== Try it ==
Within the entries below, please retype exactly the lines starting with the line that has "Le Dr Mukwege" and going on through the line that has "Figura 2: Una", but not the pictures.

== Excerpted records ==
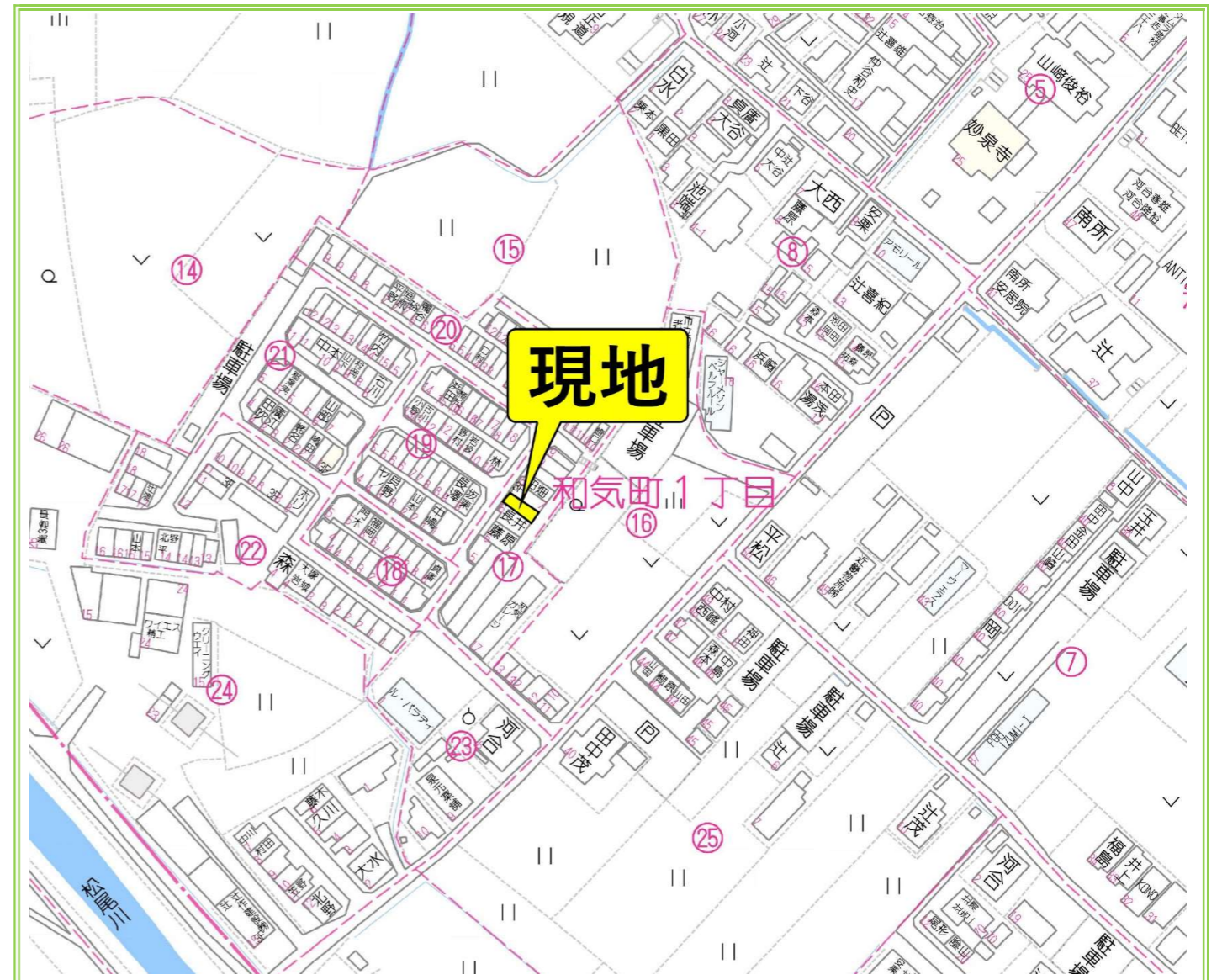
【ナビ検索住所】和泉市和気町1丁目17-7
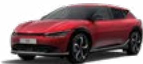
Runway Red (CR5)
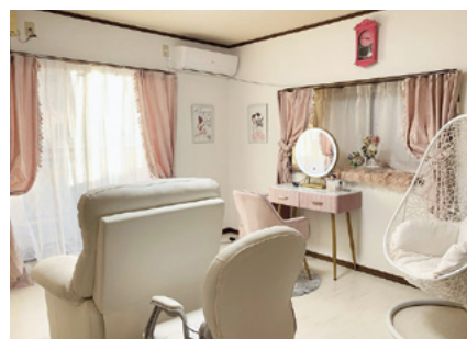
新設した目元施術スペース
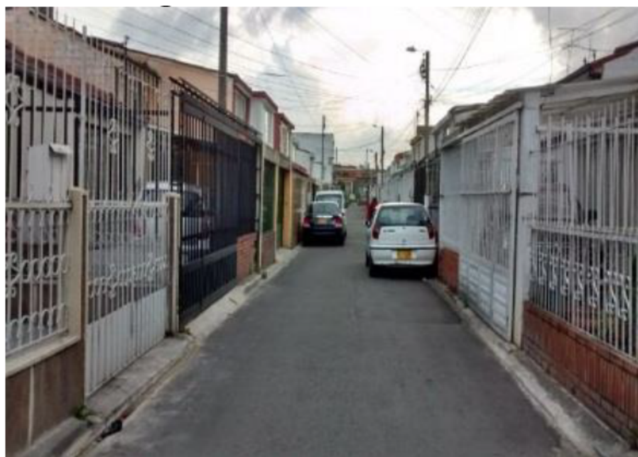
FIGURA 8. Calles internas de algunos sectores del barrio en la actualidad

En la actualidad, los jardines y los andenes de las calles han desaparecido en algunos sectores del barrio, pues los propietarios han tomado el espacio para construir garajes, de modo que solo se conservan las vías como acceso para los carros. (Figura 8).
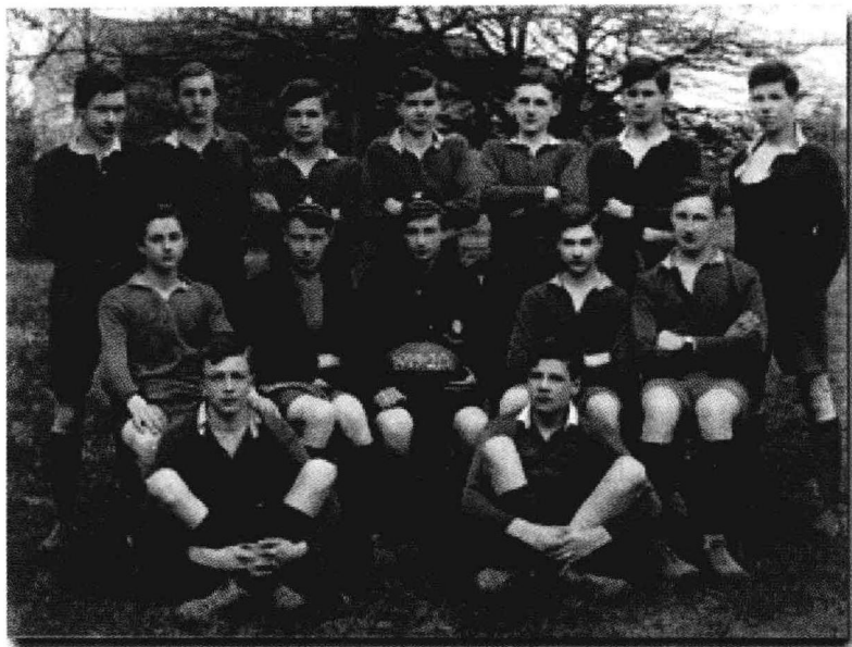
▲学生时代的奥克肖特(1913—1918,图中间拿着橄榄球者)

* 图片来源: http://www.michael-oakeshott-association.com/index.php/about-oakeshott
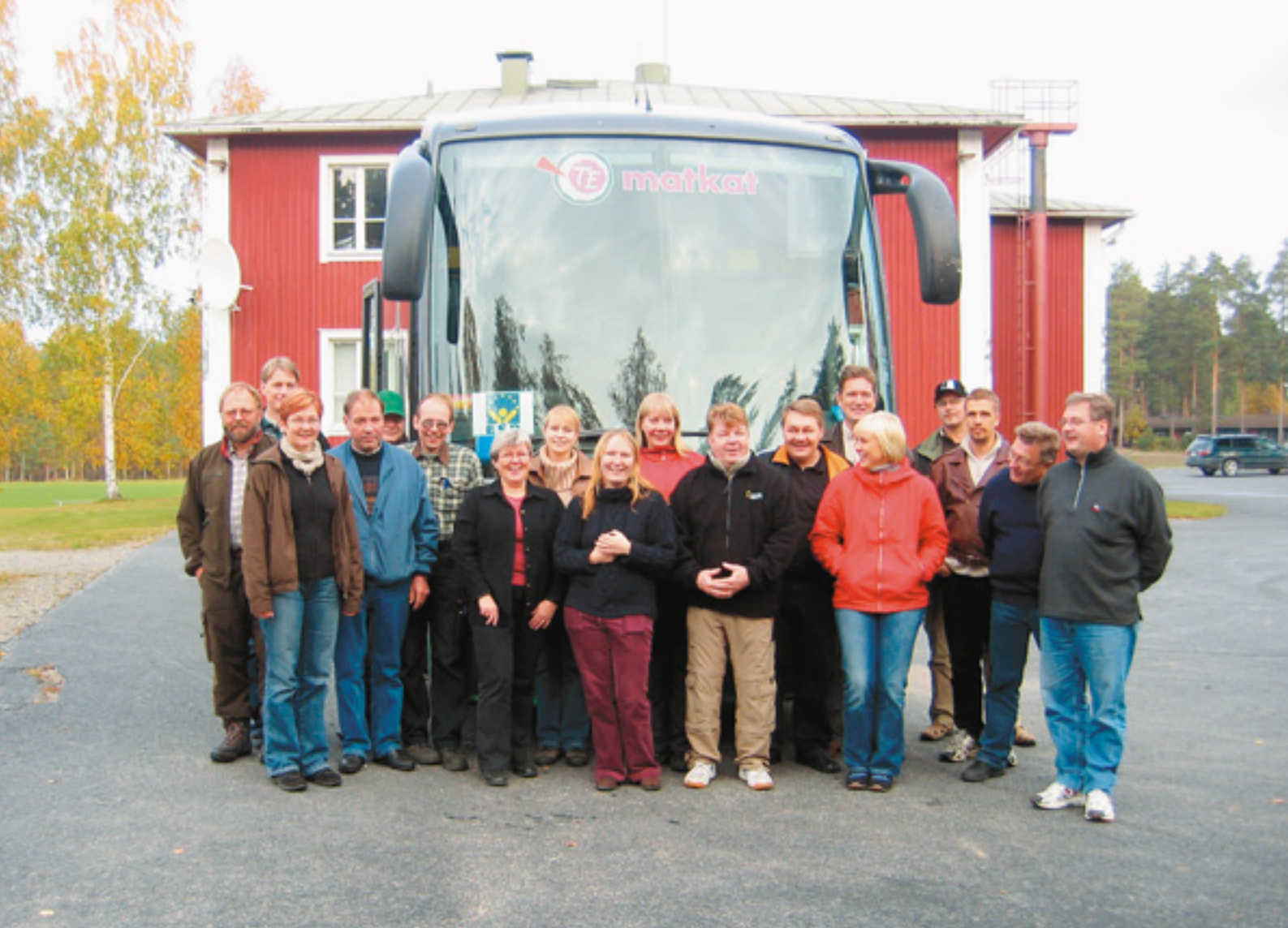
Keski-Suomen ja Pohjois-Savon Yty-projektien henkilöstöä ryhmäkuvassa Tervossa.

Projektilla on omat verkkosivut, www.ymparisto.fi/psa/yty . Sivujen päivityksestä ovat vastanneet projektipäällikkö ja projektisihteeri yhdessä viestintäyksikön kanssa. Osa kunnista on linkittänyt projektin kotisivut omille sivuilleen.
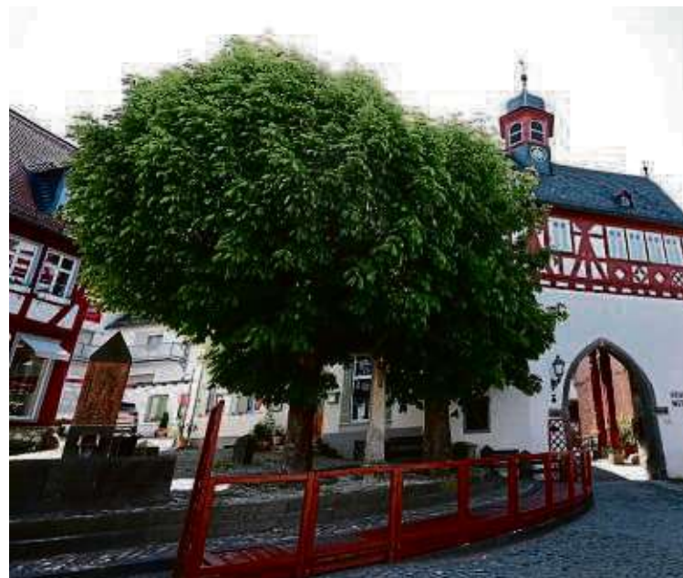
Das Heimatmuseum im Alten Rathaus wurde vom Verein zunächst einmal ges...
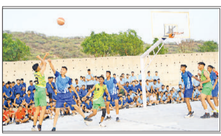
रेवाड़ी। बास्केटबॉल प्रतियोगिता में खेलते हुए खिलाड़ी तथा विजेता टीम को ट्रॉफी प्रदान करते हुए स्टाफ।
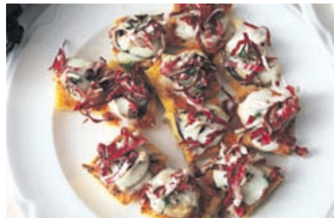
Uroš Štefelin je predstavil jedi iz lokalnih sestavin, primernih za umestitev na jedilnike vrtcev, šol in domov za starostnike.

javnih zavodih nameni več denarja, obenem pa bi bilo treba v javnih razpisih omogočiti večji odstotek lokalne hrane, ki zdaj znaša 20 odstotkov. Lokalna hrana je namreč bolj zdrava hrana, je poudarila strokovnjakinja za zdravo prehranjevanje in klinična dietetičarka Andreja Širca Čampa. »Lokalna hrana ima krajšo pot od zemlje do mize in s tem višjo biološko in hranilno vrednost.« Lokalna hrana pa ni samo bolj kakovostna, je poudarila, ampak se na ta način lahko v javnih zavodih izognejo tudi odvečni embalaži. Podžupan Občine Gorenja vas - Poljane Anton Debeljak je ob tem opozoril, da je kakovostna lokalno pridelana hrana dražja, v vrtcih in šolah pa so omejeni z najvišjo določeno ceno malice. »Zato bo treba to urediti tudi na zakonski ravni,« je predlagal. Ob tem pa se zaveda, da je treba tudi otroke naučiti, da izberejo domačo hrano, sploh če je niso navajeni od doma.
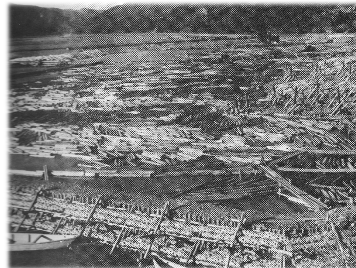
▲木都と呼ばれていた頃の島田(明治頃)

ちなみに現在でも使われている「三ツ合町」という地名 はその用水路が合わさることに由来しています。
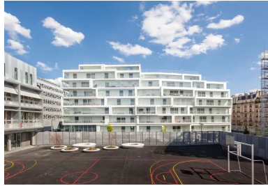
L'implémentation des boîtes suit une composition d'apparence aléatoire et pourtant rigoureuse.

Les panneaux de verre, tous identiques, ne laissaient place à aucune erreur dimensionnelle. Compte tenu de ce principe d'imbrication, les jardins d'hiver ont été installés niveau par niveau, chaque poutre devant arriver sur le chantier dans un ordre prédéterminé. Sans une conception du projet en 3D dès la phase APD, ce principe aurait été très difficile à maîtriser, tant en termes de coût que de précision dimensionnelle. Cette réalisation met en évidence l'intérêt des nouveaux outils de conception qui offrent la possibilité de créer une volumétrie sur mesure sans impliquer, entre autres, une phase d'étude trop longue ou la démultiplication des dessins de détail.
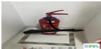
Foto 6. Extintor
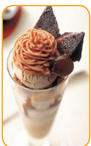
ほろ苦くて甘い「ビターズウィートモンブラン」900円

カフェ限定デザートも登場。ラインアップは、渋皮入りモンブランクリームを盛り付けた「ビターズウィートモンブラン」、スイートポテトのフディングとクリームをたっぷり味わえる「スイートポテトパフェ」、カスタードソースを敷き詰めたクレープでアイスクリームを包んだ「パナナクレープポテト」。早速食べに行かなくちゃ!
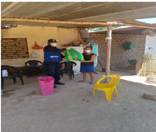
APOYO PARA DISTRIBUCION DE CANASTAS FAMILIARES
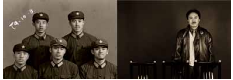
هم رقم ٣
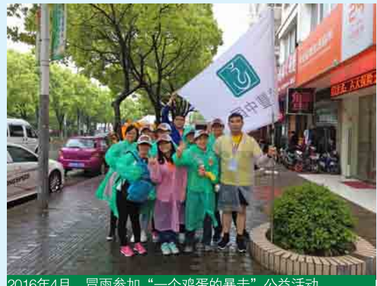
2016年4月，冒雨参加“一个鸡蛋的暴走”公益活动

来到公司印象中最深刻的一次活动是“一个鸡蛋的暴走”。从来没有参加过50公里这么远路程的暴走活动，虽然只是作为志愿者，也让我很兴奋。而且这是一次公益徒步筹款活动。从出发开始，雨就一直下，越下越大，参赛选手们的头发淋湿了，衣服也湿透了，鞋里也进水了，身体越来越沉重，可是他们仍然在一步一步地前行，第一个10Km、第二个10Km、第三个10Km……就算是天黑了他们也仍在坚持，直到抵达终点。尽管困难重重，中核华兴达丰的每一位参赛选手都坚持到了最后。那次活动让我感受到一股坚毅的力量，也感受到了中核华兴达丰人的力量。
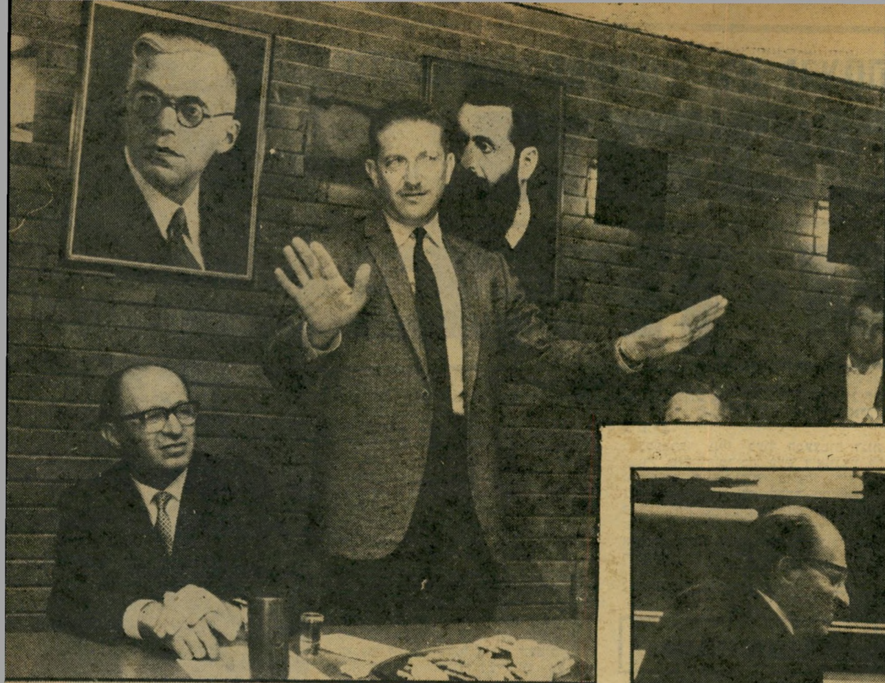
בגין עם וייצמן פרט לאדריכל-הניצחון

יתר-על-כן: עזר וייצמן היה מעדיף שי אריק יורחק לחלוטין מכל עיסוק בענייני ביטחון. היה זה הוא שהציע להעניק ל-אריק את תפקיד שר-החקלאות. בגין דחה את הרעיון על הסף. הוא הבהיר שהוא רוצה לראות את אריק קשור בענייני הביטחון ולאור הנסיבות שנוצרו, במיסגרת מוגדרת, הרחק משרד-הביטחון. בתוך
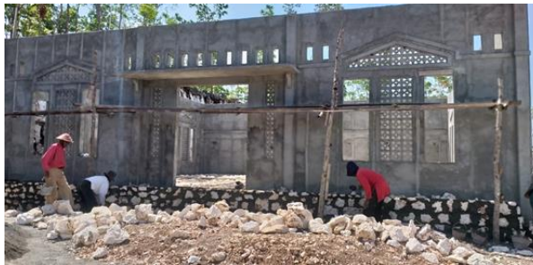
Pengerjaan pembangunan masjid yang dikerjakan oleh warga Dusun Jrasah.

Dari data tersebut, maka diketahui bahwa dusun tersebut belum memiliki masjid sendiri. Maka dari itu, tim pengabdian memiliki ide akan mengadakan pembangunan masjid di daerah tersebut, masjid yang akan dibangun merupakan masjid sederhana, namun sesuai standar, dengan dana yang diperoleh dari tim, mitra, serta warga dusun, untuk pekerja dan tukang dalam pembangunan tersebut semuanya menggunakan tenaga dari warga, sedangkan untuk pengawasnya merupakan orang-orang dari tim pengabdian. Pengerjaan dan pengawasan dalam pembangunan masjid dapat dilihat pada Gambar 1 dan Gambar 2.
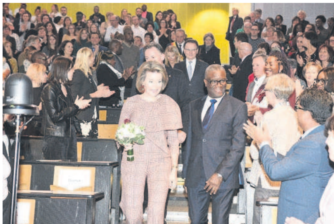
Le Dr Mukwege et la reine Mathilde pendant la cérémonie d'ouverture

Durant deux jours, les différentes conférences qui s'y déroulent vont revisiter les quatre piliers de la prise en charge holistique développée à Panzi par le Dr Denis Mukwege et son équipe : pilier médical, psychologique, juridique et socio-économique. « Au-delà de la force de notre colère et de la conviction en la justesse de notre engagement, notre sollicitude envers nos victimes nous invite aussi à asseoir nos démarches thérapeutiques sur des bases scientifiques. Ces pratiques, fondées sur des évidences scientifiques, renforceront notre autorité de parler de ces questions. Cette légitimité scientifique nous permettra de renforcer notre plaidoyer et permettre à tous ceux qui ont une parcelle de pouvoir à s'impliquer pour induire un changement systémique et positif. Sans base scien-
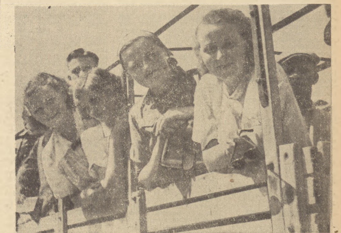
Samochód gotowy już do odjazdu. Ostatnie pożegnania, pozdrowienia i ruszamy w daleką drogę z Jedrzejowa do Kielc, a z Kielc do poznańskich spółdzielni.
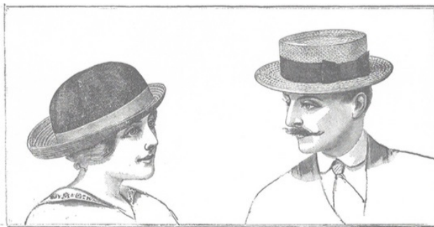
Figura 2: Una señora y un caballero, Max Ernst, 1972 12

Kleist se limita a referir el número de visitantes como notable, pues podían encontrarse en la sala “de la mañana a la noche”. En el texto original de Brentano, esos espectadores 9 que intercambian sus impresiones, carecen de nombre –a excepción de uno de ellos, la señora Kriegsrat–, son denominados genéricamente. Así aparecen: una señora y un caballero, dos jóvenes señoras, dos expertos en arte, una profesora y dos alumnas, una señorita con dos niños rubios y un par de caballeros, una señora y un guía; y, por último, un hombre y el autor del texto 10 . Todos ellos mantienen diálogos diversos sobre la obra de Friedrich, recogiendo en ellos pareceres muy dispares, a favor y en contra, así como en diferentes tonos atendiendo a las condiciones particulares del emisor del discurso en cuestión –niño, hombre o mujer. Así como un caballero define el cuadro como “infinitamente profundo y sublime”, otro afirma que “no sería muy difícil nombrar una docena de cuadros en los que tanto el mar, la costa o el monje han sido mejor pintados” 11 . Se trata pues de una colección de disertaciones que configuran una completa visión de la obra, y una rica descripción de los perfiles asistentes a este tipo de eventos en los albores de las exposiciones públicas; asimismo, supone un testimonio del nacimiento tanto del público del arte, como de la figura del crítico.
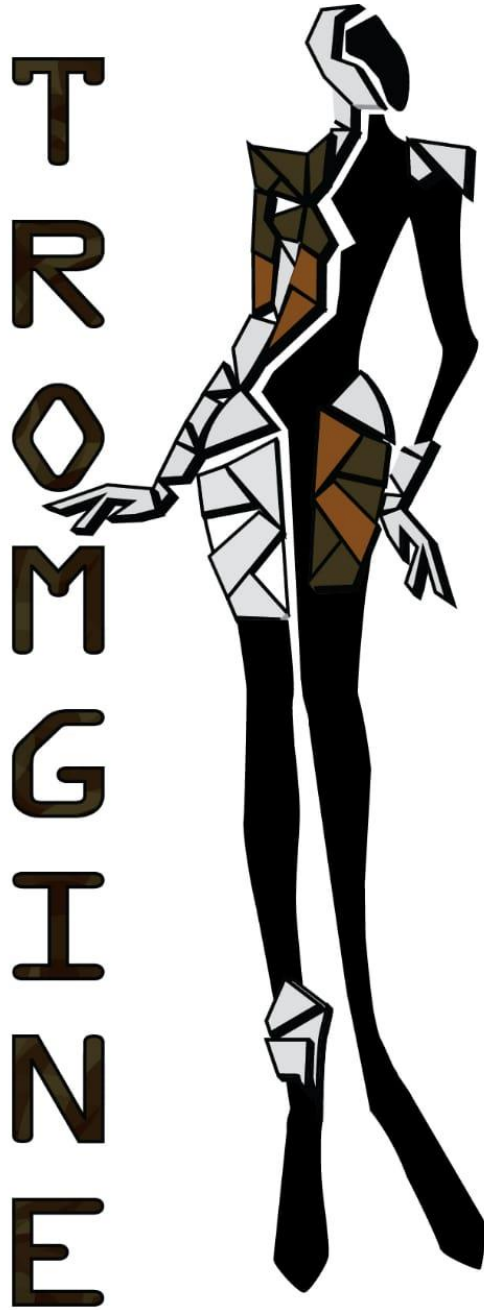
Lampiran 1. Logo Pergelaran
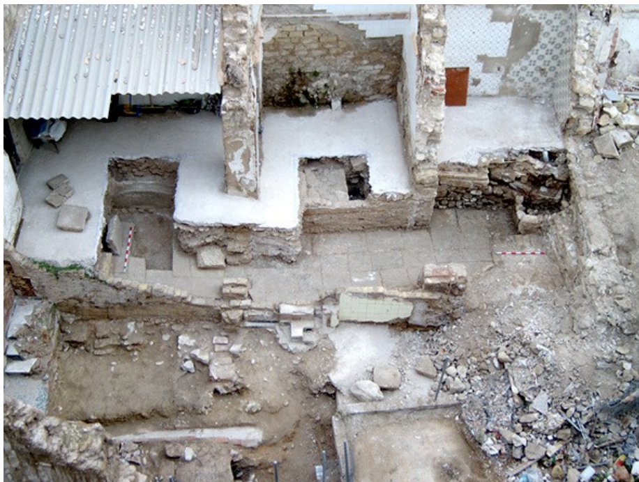
Vista general de la excavación
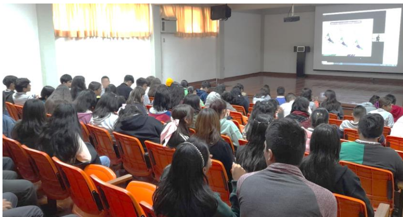
Jornada de Orientación a CONALEP 244 Papantla, Ver.
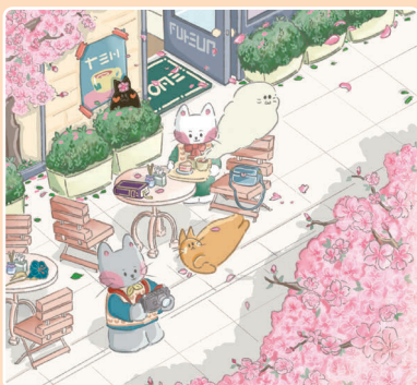
30 Любуемся цветением вишни
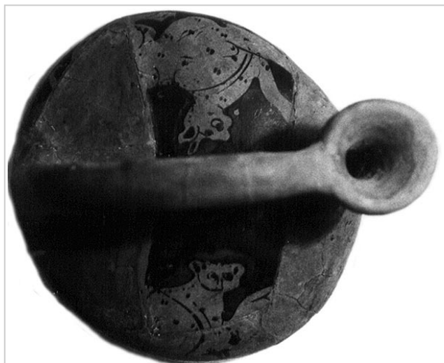
Empúries, MAC-B 603
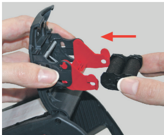
Kuva 15 Mustetelan asentaminen
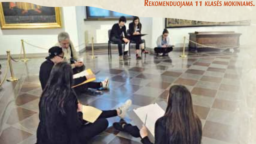
Valdovų rūmų muziejaus Renesansinė audiencijų menė, arba Žemutinė reprezentacinė salė

UŽSIĖMIMO TRUKMĖ – 1 VAL. REKOMENDUOJAMA 11 KLASĖS MOKINIAMS.

== Answer space ==
Le Dr Mukwege et la reine Mathilde pendant la cérémonie d'ouverture

Durant deux jours, les différentes conférences qui s'y déroulent vont revisiter les quatre piliers de la prise en charge holistique développée à Panzi par le Dr Denis Mukwege et son équipe : pilier médical, psychologique, juridique et socio-économique. « Au-delà de la force de notre colère et de la conviction en la justesse de notre engagement, notre sollicitude envers nos victimes nous invite aussi à asseoir nos démarches thérapeutiques sur des bases scientifiques. Ces pratiques, fondées sur des évidences scientifiques, renforceront notre autorité de parler de ces questions. Cette légitimité scientifique nous permettra de renforcer notre plaidoyer et permettre à tous ceux qui ont une parcelle de pouvoir à s'impliquer pour induire un changement systémique et positif. Sans base scien-
Samochód gotowy już do odjazdu. Ostatnie pożegnania, pozdrowienia i ruszamy w daleką drogę z Jedrzejowa do Kielc, a z Kielc do poznańskich spółdzielni.
Figura 2: Una señora y un caballero, Max Ernst, 1972 12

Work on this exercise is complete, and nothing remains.